When things go wrong, Leaders figure out why. They come up with a plan of action to rectify the situation. They follow through with the plan. They are trustworthy. Leading is much more than just making demands of your horse and expecting them to do your bidding.
Here are 10 signs of each of the 3 types of horse owners.  These are only indications that point out to the possibility maybe your are of that type. The more you have the more you are likely to be of that type.

Steve’s Top Ten Signs That You Might Be Your Horses’ Momma.

10. Your horse doesn’t care to be worked in the round pen. He gets bored easily and doesn’t understand the need for groundwork.

9. Your horse is too smart to cross the obstacle.  Why should he cross when he can just go around?

8. Your horse requires at least two extra additives to its formulated grain ration.

7. Your horse's feet are in poor shape right now, as you can't find a farrier that can properly handle him and understand the issues he has with his feet.

6. Your horse’s shots & Coggin’s certificate aren’t up to date right now, as you can't find a vet that can properly handle him or even be willing to come out a second time.

5. Half of your herd is foundered. The other half could carry a cup of water poured directly on their backs without spilling it.

4. Your horse has at least two of the diseases that recent articles have been written about in the half-dozen horse magazines you subscribe to.

3. When spooked, your horse doesn’t mind jumping on top of you for protection.

2. Your newest horse has been abused by past owners. You're just sure of it because of all the emotional issues he has.

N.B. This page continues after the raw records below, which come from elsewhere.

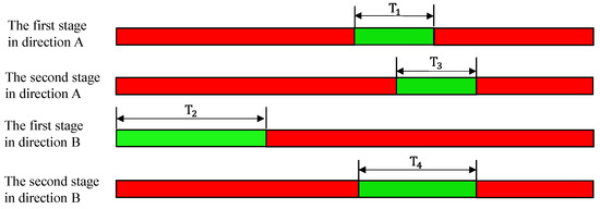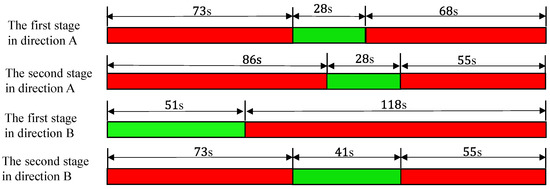 Field data were collected on pedestrian twice-crossing in the east–west direction at the signalized intersection of Nanjing Road and Gong Qingtuan West Road in Zibo City. The overall length of this crossing is 32 m, including two blocks and a refuge island. The layout of the selected pedestrian crossing is shown in Figure 7. Figure 8 illustrates the signal timing and phase sequence for pedestrian twice-crossing at the selected intersection. In this study, the various forces acting upon pedestrians have been examined, focusing on the congested section in block AB.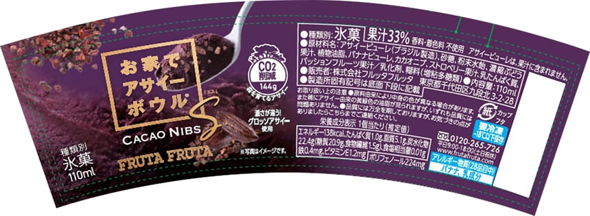 [30個]フルッタフルッタ お家でアサイーボウルSカカオニブ 110ml | アサイーが濃い黄金レシピのなめらかアイスにカカオニブを練り込んだ一品。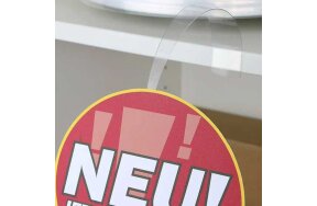 Shelf wobblers with 208 mm length made of recyclable PET for permanent attachment of printed product...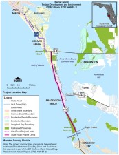 | Limits: | The Barrier Island PD&E Study extends along State Road (S.R.)789 from north of Longboat Pass Bridge to S.R. 64 (approximately 3.8 miles) and Gulf Drive from S.R. 64 to White Avenue/85th Street (approximately 2.2 miles). The total project length is approximately six miles. |
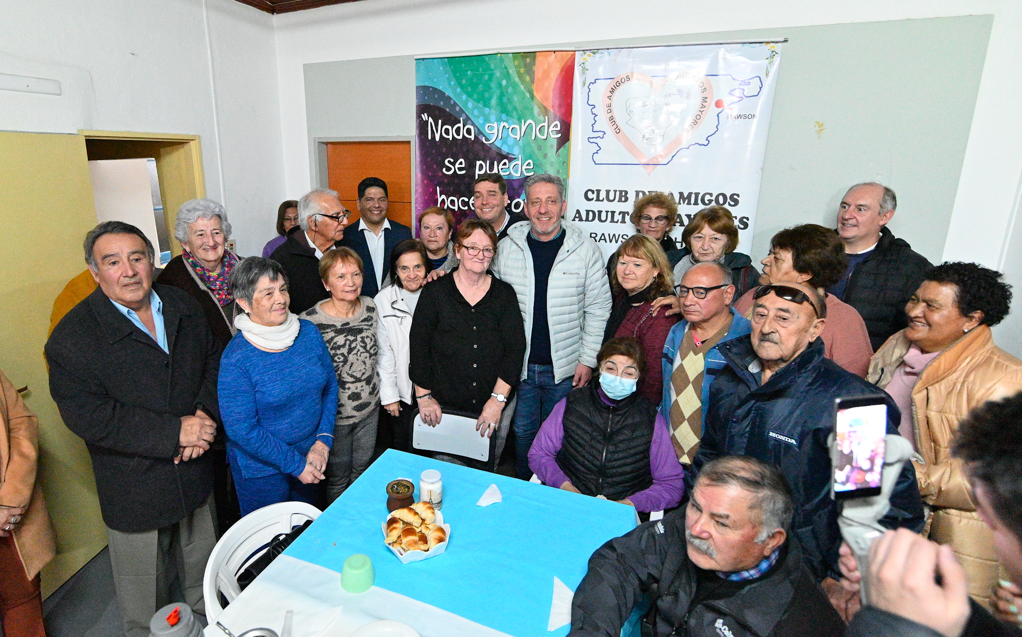 El Gobernador estuvo acompañado por el intendente local, Damián Biss; los ministros de Gobierno y Justicia, Cristian Ayala; de Salud, Fabián Puratich; de Seguridad, Miguel Castro; y de Infraestructura, Gustavo Aguilera; la gerenta General del Instituto de la Vivienda, Ivana Papaianni; el secretario de Pesca, Gabriel Aguilar; y funcionarios del municipio capitalino. Las autoridades fueron recibidas por la presidenta del Club, Beatriz Martina Vila, junto a una gran cantidad de jubilados.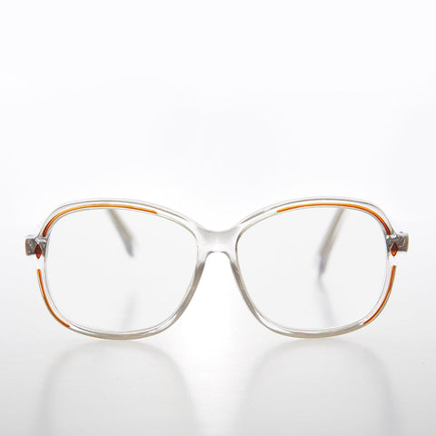 A classic and flattering style that features a clear frame with color accents. Acetate frame with metal hinges and wire core temples.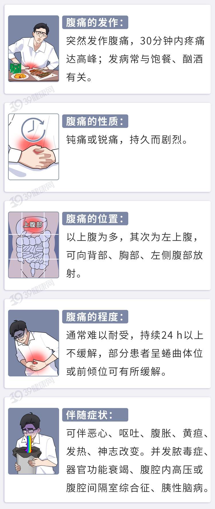根據《急性胰腺炎急診診斷及治療專家共識》,急性胰腺炎引起的腹痛,通常有以下5種特徵。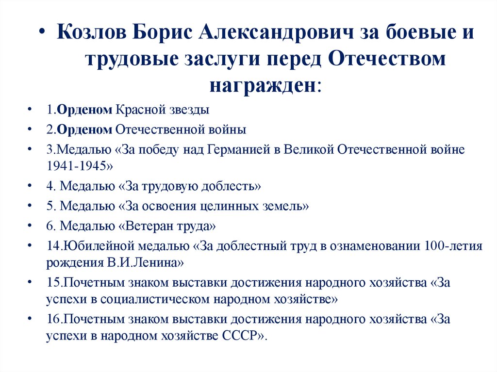 • Козлов Борис Александрович за боевые итрудовые заслуги перед Отечеством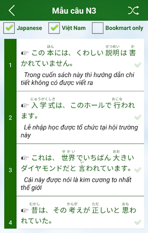 ☞ Grammar guide and help you to remember grammar well through the example of each sentence pattern.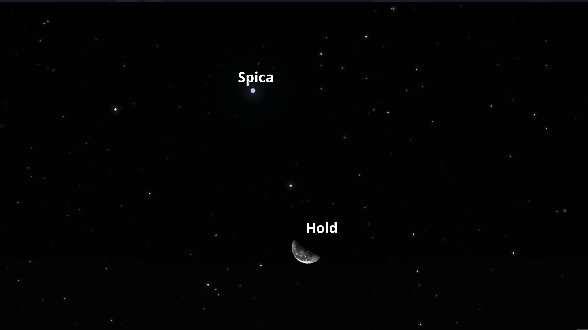Megfigyelés: a Spica és a Hold párosát szabad szemmel észlelhetjük, azonban az alacsony égi helyzetük miatt tereptárgymentes délkeleti horizontra lesz szükségünk.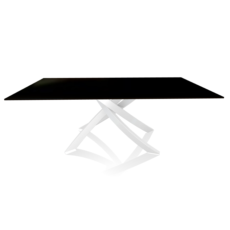BONTEMPI table avec structure blanche ARTISTICO 20.01 200x106 cm (Laqué noir brillant - Plateau en verre et structure en acier laqué blanc)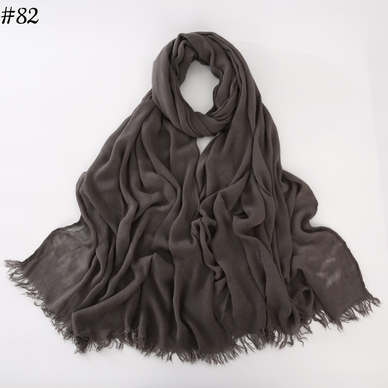 Новый заводской прямой продажи через границу, однотонный натуральный морщинистый шарф из вискозы с двумя концами, длинный шарф в европейском и американском стиле, на Ближнем Востоке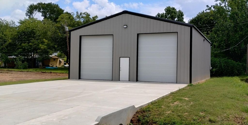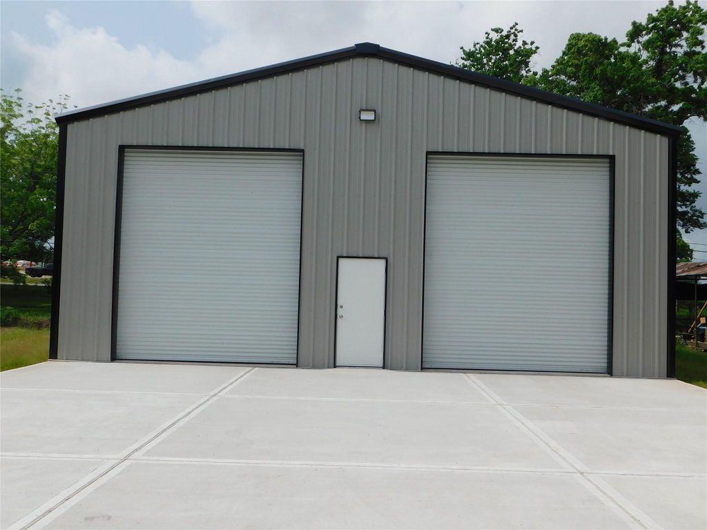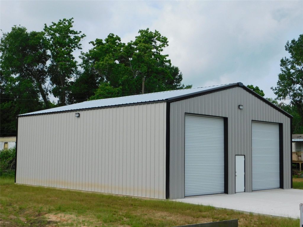 New 2000 sq ft metal building with two roll-up overhead doors plus center pedestrian door. Makes a great warehouse, workshop, RV storage or storage space. 200-amp service installed with excellent LED lighting, with extra wide driveway. Building is insulated. Roll-up doors are 12w x 14h on a 16ft eave height. Lot is cleared and leveled located near FM1097 and I-45.

1. Your internet name starts with your favorite horses’ name and ends with Mom or Momma.


Steve’s Top Ten Signs That You Might Be Your Horses’ Buddy.

10. When spooked, your horse has a bad habit of bucking  you off and leaving you in the dust.

9. He‘ll do nearly anything for a treat.

8. “He‘s a pretty good horse…Once you catch him.   Well that and he bucks out a little at first, but he settles down all right.  No big deal, really.”

7. You fear hurting your horse’s “feelings” and destroying his “pride“. You just want to be “honest” with him.

6. “Hard to catch?  NO WAY!   He comes running at the sight of a bucket“.

5. You’ve went through a dozen bits trying to find the one that works….Well, not as good as you’d like. But it’s the best so far. Correct saddle fit has been an evasive thing as well.

4. Your horse will kick out if the rider behind gets too close.  So you “fix” that problem with a ribbon in his tail.

3. “He just loves resting his head on my shoulder.”

2. Your training philosophy hinges on the fact that you should be the “alpha buddy” and not the “herd leader“.

1. You’re the first to admit that you’re no trainer.  (Note: every horse owner IS a trainer whether they want to be or not.)


Steve’s Top Ten Signs That You Might Be Your Horses’ Leader.

10. You fully understand the concept of “pressure and release”, and how critical the “timing” is of that release.

9. You know the difference between "teaching a concept" and "demanding perfection".  When to reward the smallest try and when to ask for more.

8. In a new situation you don’t mind taking the time to dismount and lead him through, then send him through, and then ride him through. You'll wait for others to do the same.

7. When things go wrong it’s your fault. Not the horse’s fault, not the vet’s fault, not the farrier’s fault, not the wind’s fault, but your fault.

6. You realize your horse doesn’t act up just to “push your buttons“. It acts and reacts out of fear and trust.

5. You pay attention to your horses emotional clues. You are seldom surprised by your horse’s physical reactions and have a preplanned action to counteract or support them, as needed.

4. Your horse works well in the round pen. Groundwork is a dance, or is becoming one.

3. Your horse can be led anywhere on a loose lead rope. He is easy to catch, as well.

2. Your horse is a joy to ride. He is easy to teach new things.

1. You'll admit to being you’re horse’s leader. You cherish your horse’s trust in you, over his love for you. You act as the lead horse would act.